When you reach the line with "Figure 1: Parts" in the listing below, write out that line and every one after it exactly, and skip the pictures.

▬▬▬▬▬▬

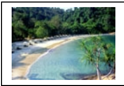
Pangkor Laut Resort Majestic Malacca
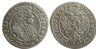
194 Haus Habsburg 3 Kreuzer 1703 Leopold I. (1657-1705) Prag 21mm 1,62g
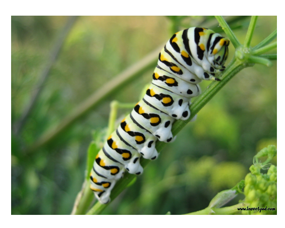
Grow up to caterpillar
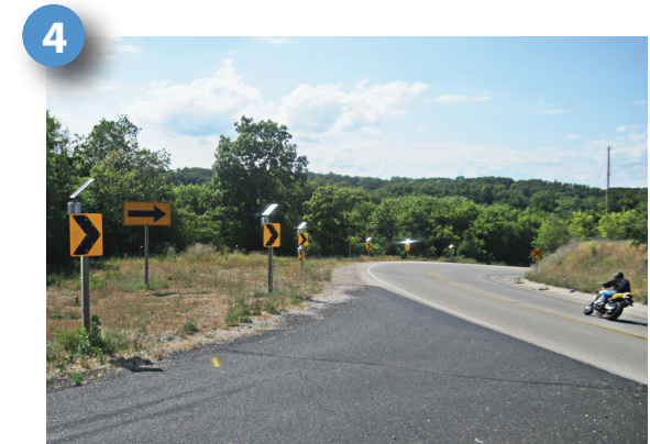
4 Wisconsin State Highway 20

Sign up to receive an e-mail notification on this project at:
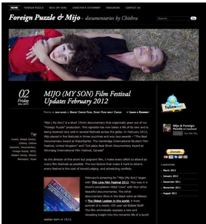
Figure 9: Mijo and Foreign Puzzle Website

independent of Foreign Puzzle and its sole purpose was to create visibility for Foreign Puzzle . So I never created an independent outreach platform for Mijo . Initially, whenever I spoke about Mijo , I told people it was only a short vignette from Foreign Puzzle . I downplayed Mijo and made it vehemently clear that Foreign Puzzle is the real deal.
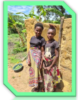
Young Ladies taught self-hygiene
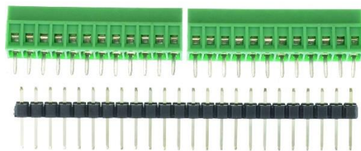
Figure 1: Parts inside the kit (Note: the module is not assembled, user can decide which connector to use on the module.)
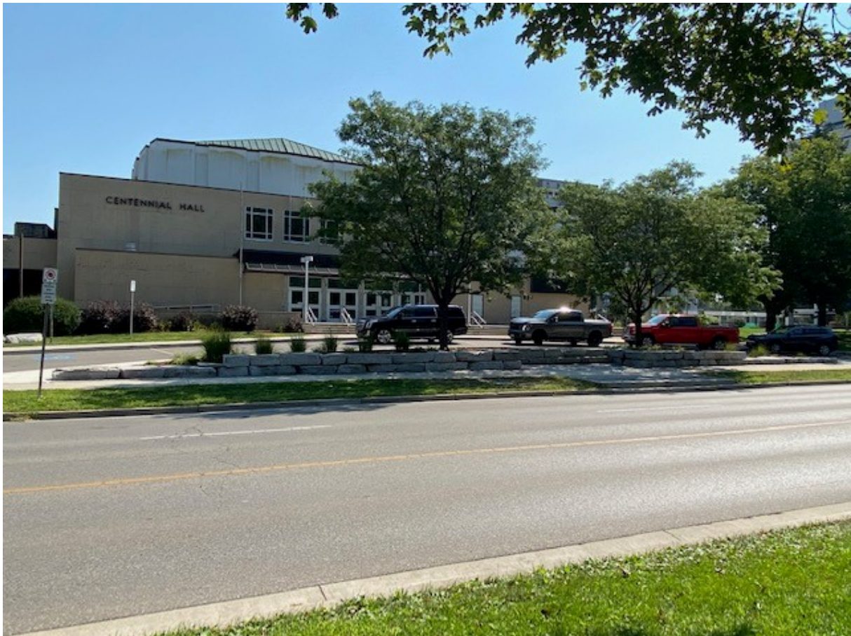
Image 8: Photograph of adjacent properties – Centennial Hall (August 24, 2020)
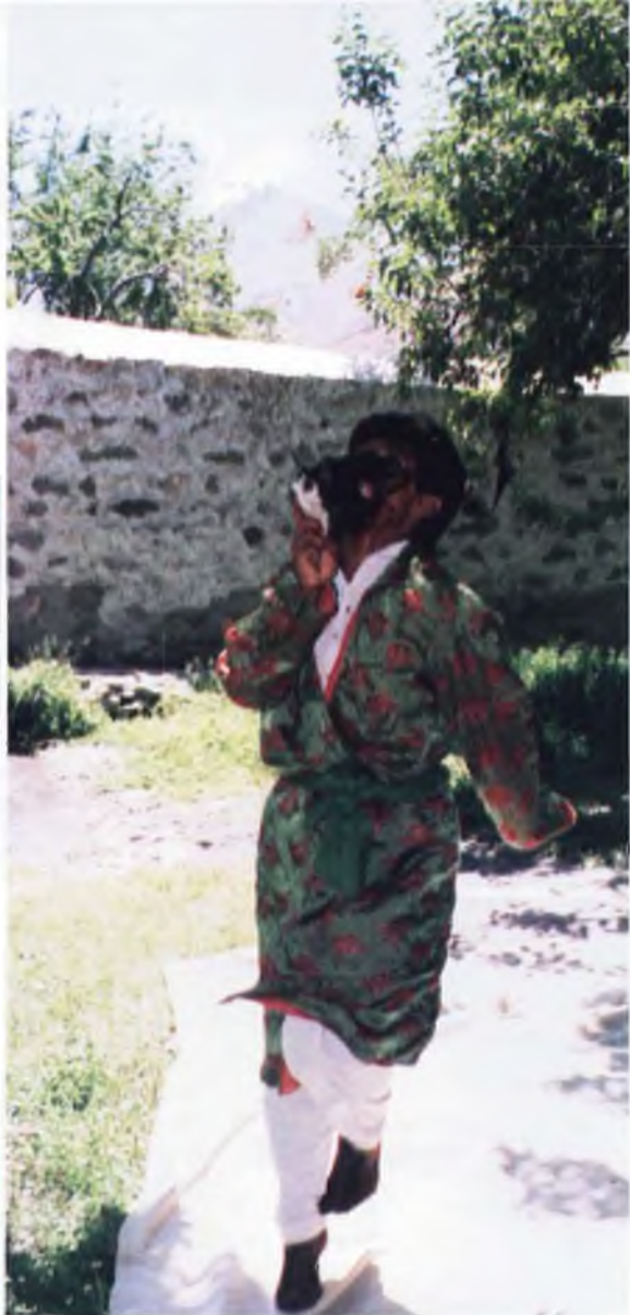
FIGURE 6. Drinking blood from the goat's head.

▬▬▬▬▬▬

* Response:
Figure 1: Parts inside the kit (Note: the module is not assembled, user can decide which connector to use on the module.)
Image 8: Photograph of adjacent properties – Centennial Hall (August 24, 2020)
FIGURE 6. Drinking blood from the goat's head.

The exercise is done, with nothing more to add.